ABOUT THIS TASK ▸
Only the lines from the beginning of the entries through the one that holds "- Vintage Chinese" may appear in the answer, written out exactly and free of pictures.

MATERIAL SHOWN ▸
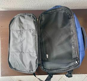 Nuovo, mai usato. In confezione originale. Zaino cabina. Ideale per i viaggi come bagaglio a mano. Misure 42x30x16 cm. 3 tasche esterne (1 frontale – 1 sul retro porta PC – 1 sul retro per oggetti di valore) + porta borraccia. Manico laterale e presa per valigia.
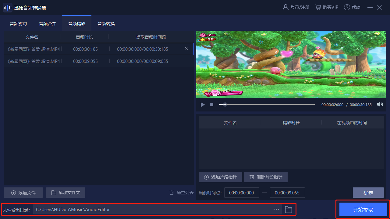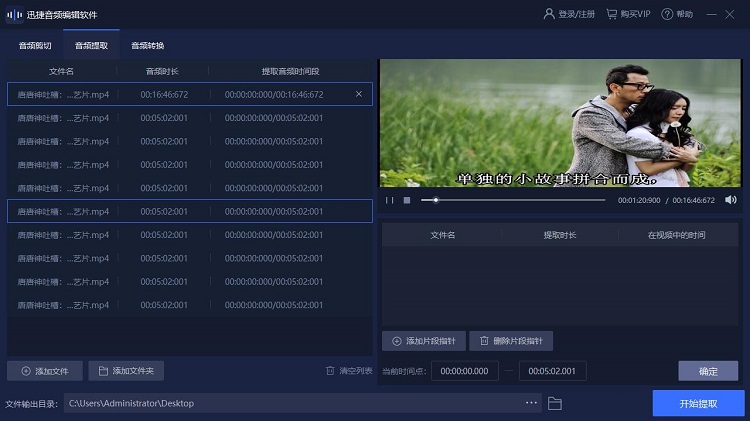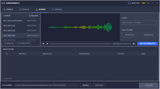 我們可以添加一個(gè)自己想要提取音頻的視頻文件,然后根據(jù)自己的要求調(diào)整提取音頻的位置。完成后,就可以選擇開始提取了。
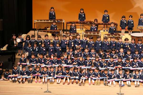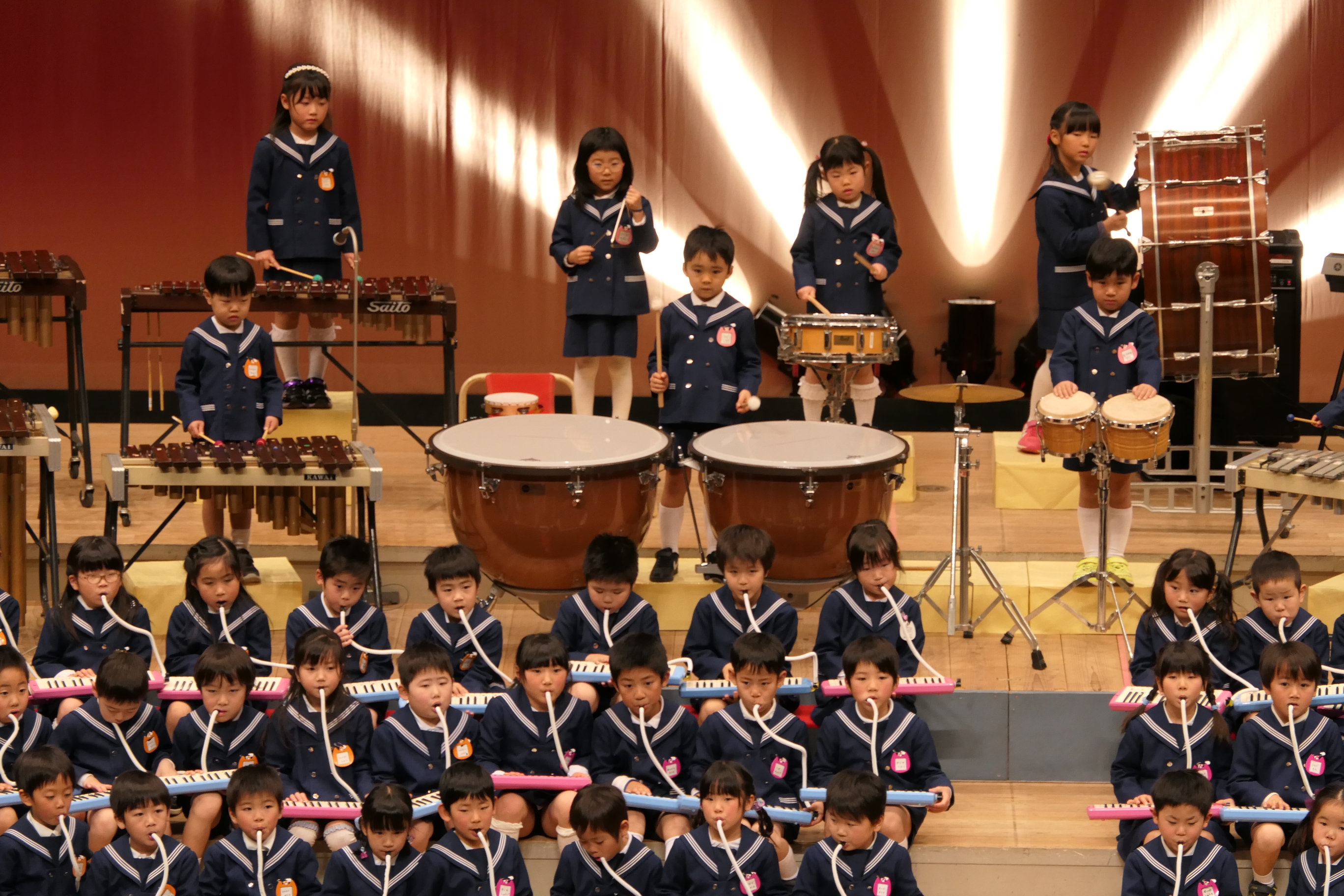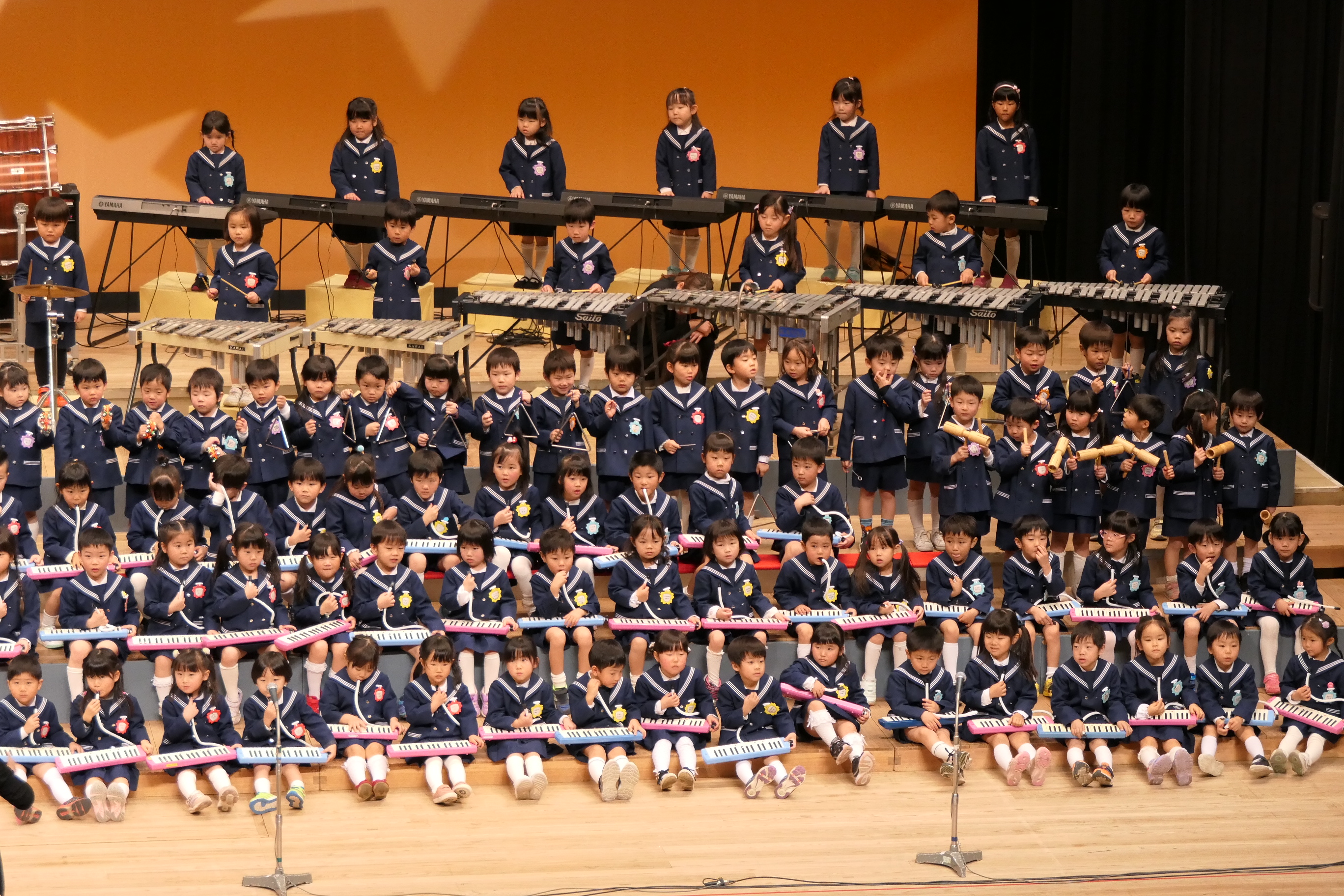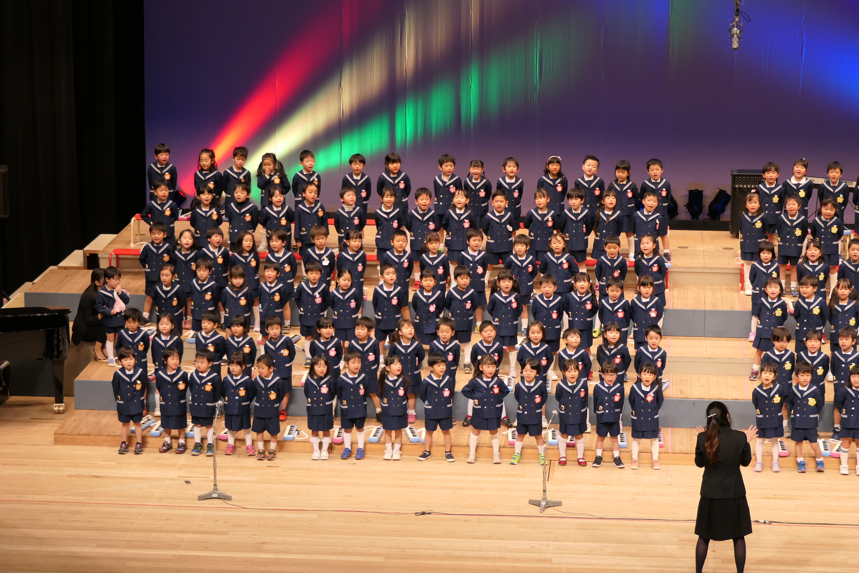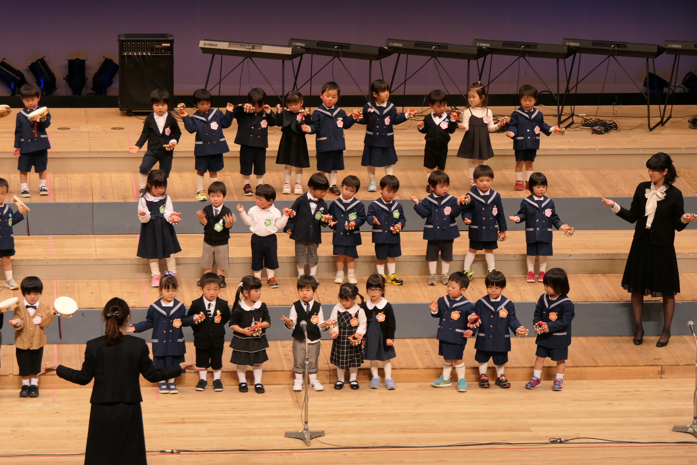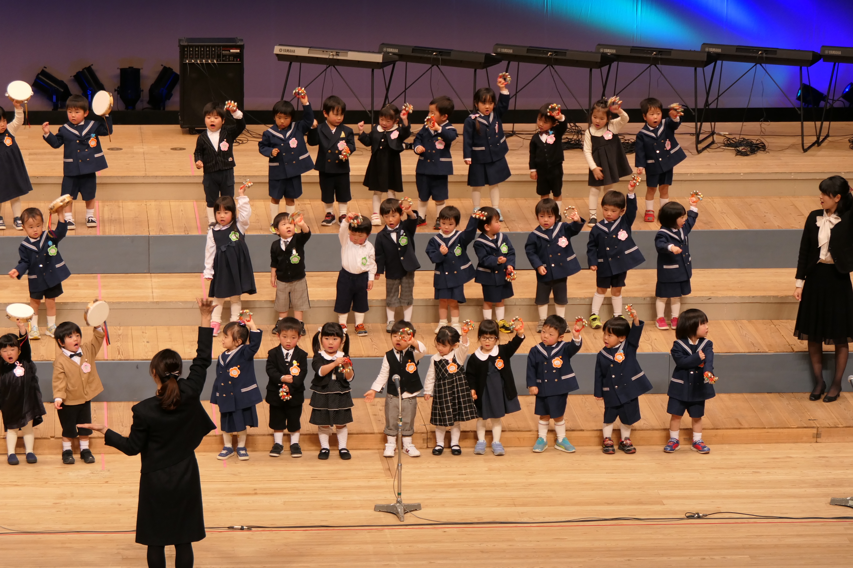 市民会館の大ホールで、みんな元気いっぱい歌い、リズムをとり、楽器を演奏しました。ちょっぴり緊張したけど、楽しかった!
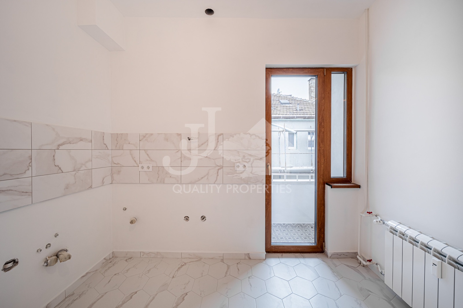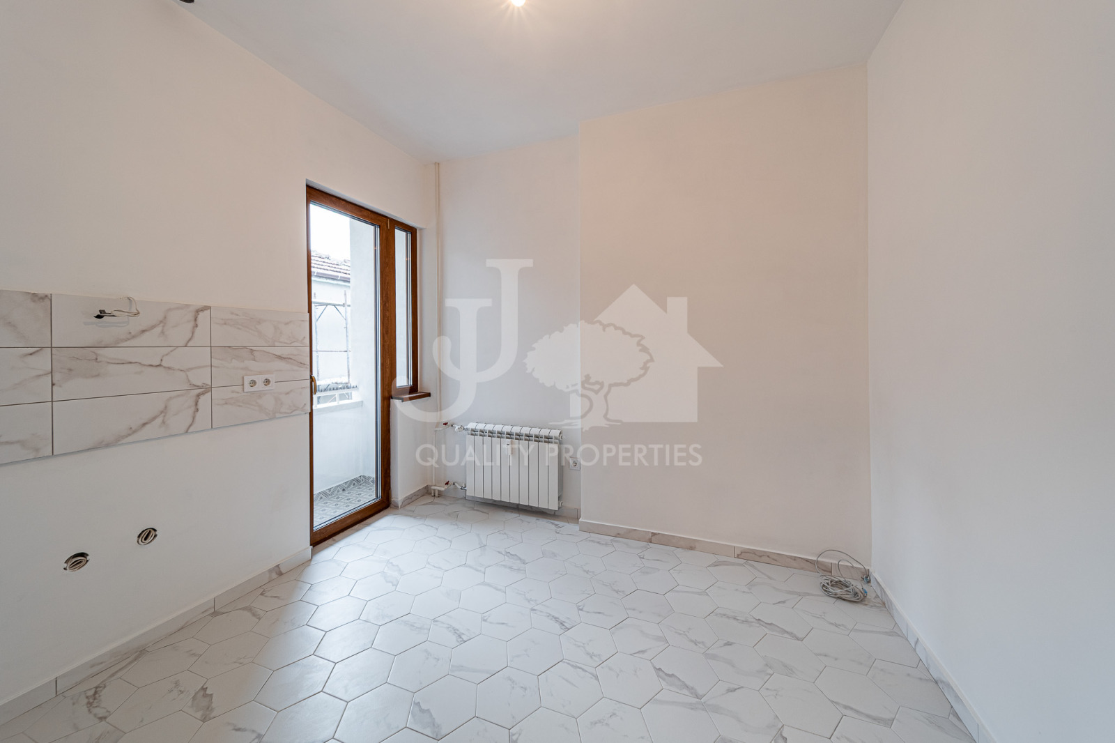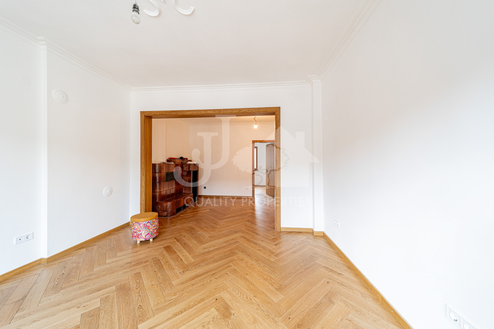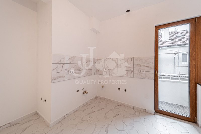 Имотът е изцяло реновиран с висок клас материали и внимание към всеки детайл. Поставена е немска PVC дограма Kömmerling с двоен стъклопакет 48 мм, 5-камерен профил и висок клас обков, осигуряващи отлична топло- и шумоизолация и панорамен ефект. Интериорните врати са поръчкови, изработени от Треска ООД, с MDF основа и естествен фурнир. Подовите настилки са изцяло обновени. Санитарните помещения са оборудвани с висок клас санитария Viega,
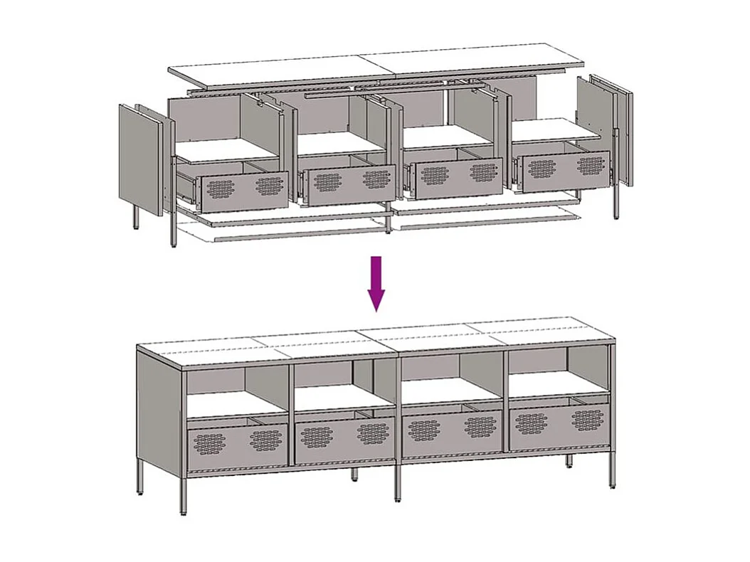 Meuble TV vert olive 135x39x43,5 acier laminé à froid
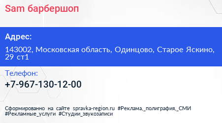 Sam, барбершоп по адресу 143002, Московская область, Одинцово, Старое Яскино, 29 ст1 в дальнейшем Организация, размещена в следующих категориях:
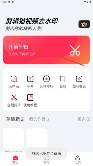 1、打開(kāi)剪輯貓APP,在主頁(yè)找到開(kāi)始剪輯的功能按鈕。
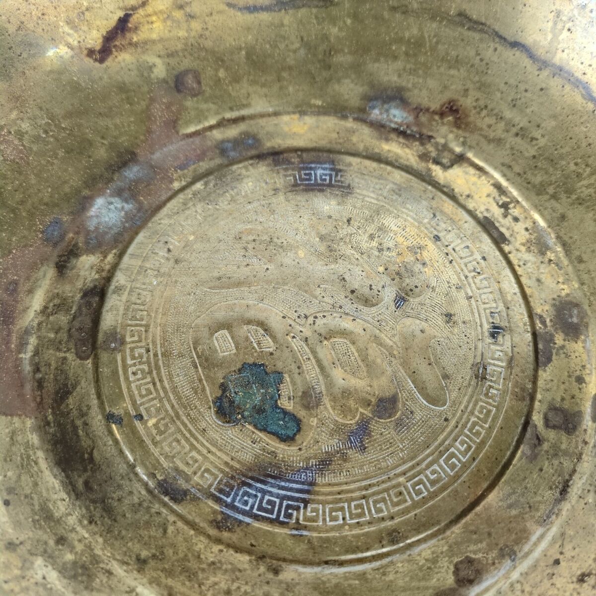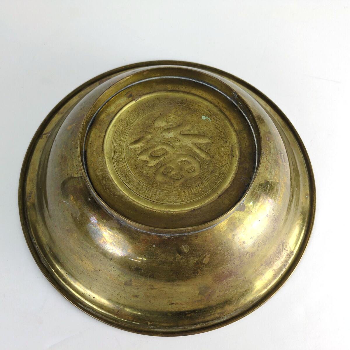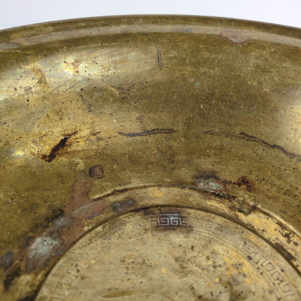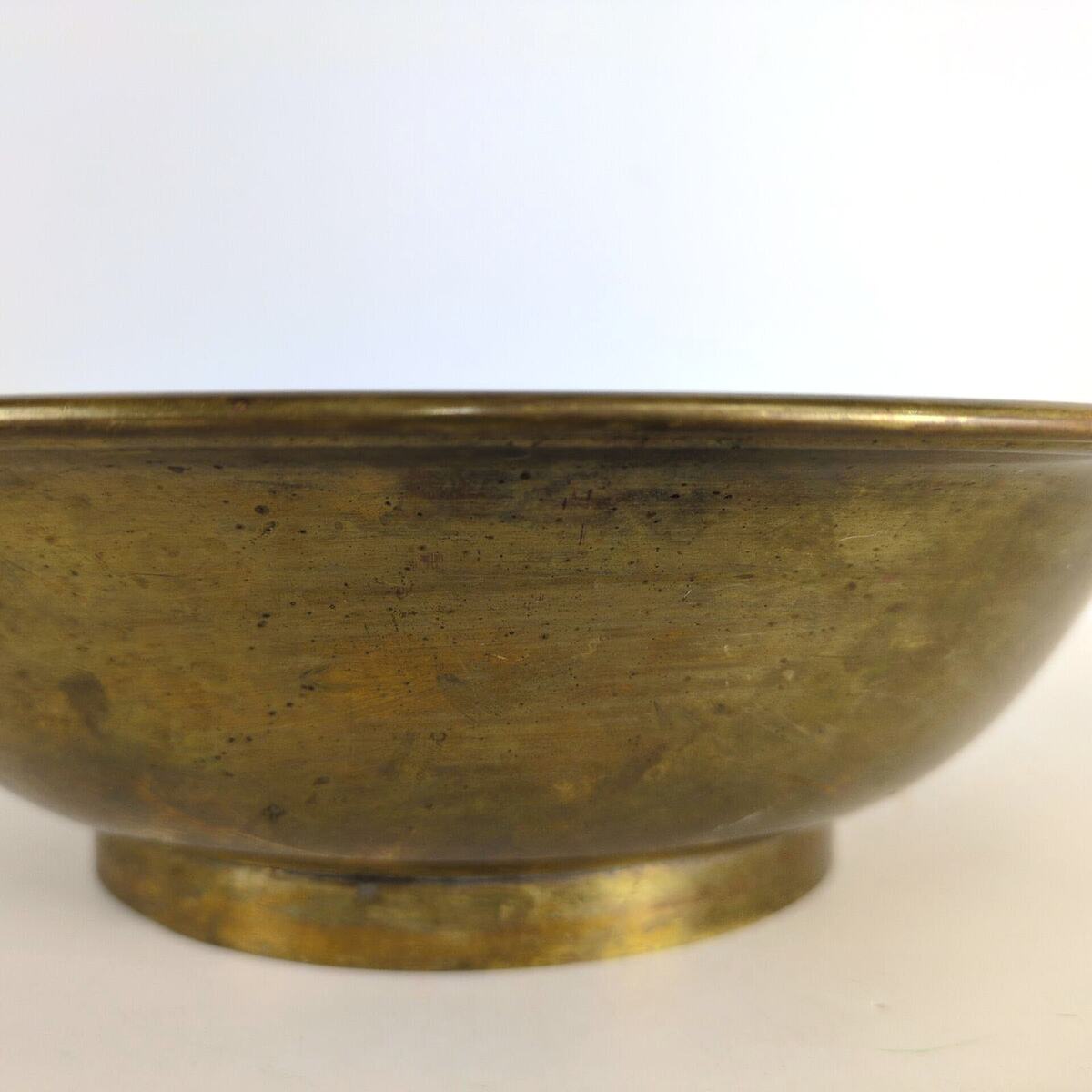 - Vintage Chinese "Good Fortune Blessings" Brass Bowl Large 11.5" Asian Rustic
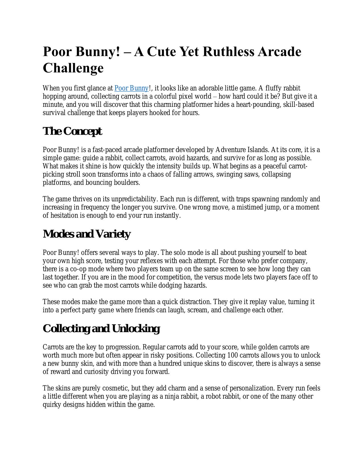 Challenging Trap Combinations: The key to success in Poor Bunny is learning to read trap combinations. Some levels feature overlapping traps that require you to think ahead and plan your movements carefully. Mastering these combinations is a satisfying challenge that adds to the game's depth and keeps players engaged.
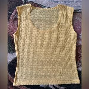 Vintage 90s sheer stretchy top. Yellow with intricate pattern to add textural value to your fit. No tags. I’d call it a medium. Approximately 17.5” pit to pit but it can really stretch. Approximately 20.5” in length.
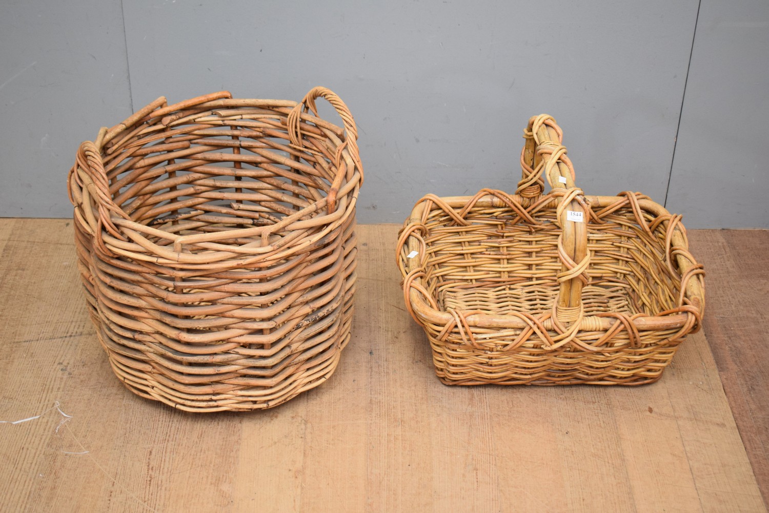 TWO WICKER BASKETS (LARGER 48H X 50D CM) (MEDIUM ITEM)

WRITTEN ANSWER ▸
 Nuovo, mai usato. In confezione originale. Zaino cabina. Ideale per i viaggi come bagaglio a mano. Misure 42x30x16 cm. 3 tasche esterne (1 frontale – 1 sul retro porta PC – 1 sul retro per oggetti di valore) + porta borraccia. Manico laterale e presa per valigia.
 我們可以添加一個(gè)自己想要提取音頻的視頻文件,然后根據(jù)自己的要求調(diào)整提取音頻的位置。完成后,就可以選擇開始提取了。
 市民会館の大ホールで、みんな元気いっぱい歌い、リズムをとり、楽器を演奏しました。ちょっぴり緊張したけど、楽しかった!
 Имотът е изцяло реновиран с висок клас материали и внимание към всеки детайл. Поставена е немска PVC дограма Kömmerling с двоен стъклопакет 48 мм, 5-камерен профил и висок клас обков, осигуряващи отлична топло- и шумоизолация и панорамен ефект. Интериорните врати са поръчкови, изработени от Треска ООД, с MDF основа и естествен фурнир. Подовите настилки са изцяло обновени. Санитарните помещения са оборудвани с висок клас санитария Viega,
 Meuble TV vert olive 135x39x43,5 acier laminé à froid
 Sam, барбершоп по адресу 143002, Московская область, Одинцово, Старое Яскино, 29 ст1 в дальнейшем Организация, размещена в следующих категориях:
 1、打開(kāi)剪輯貓APP,在主頁(yè)找到開(kāi)始剪輯的功能按鈕。
 - Vintage Chinese "Good Fortune Blessings" Brass Bowl Large 11.5" Asian Rustic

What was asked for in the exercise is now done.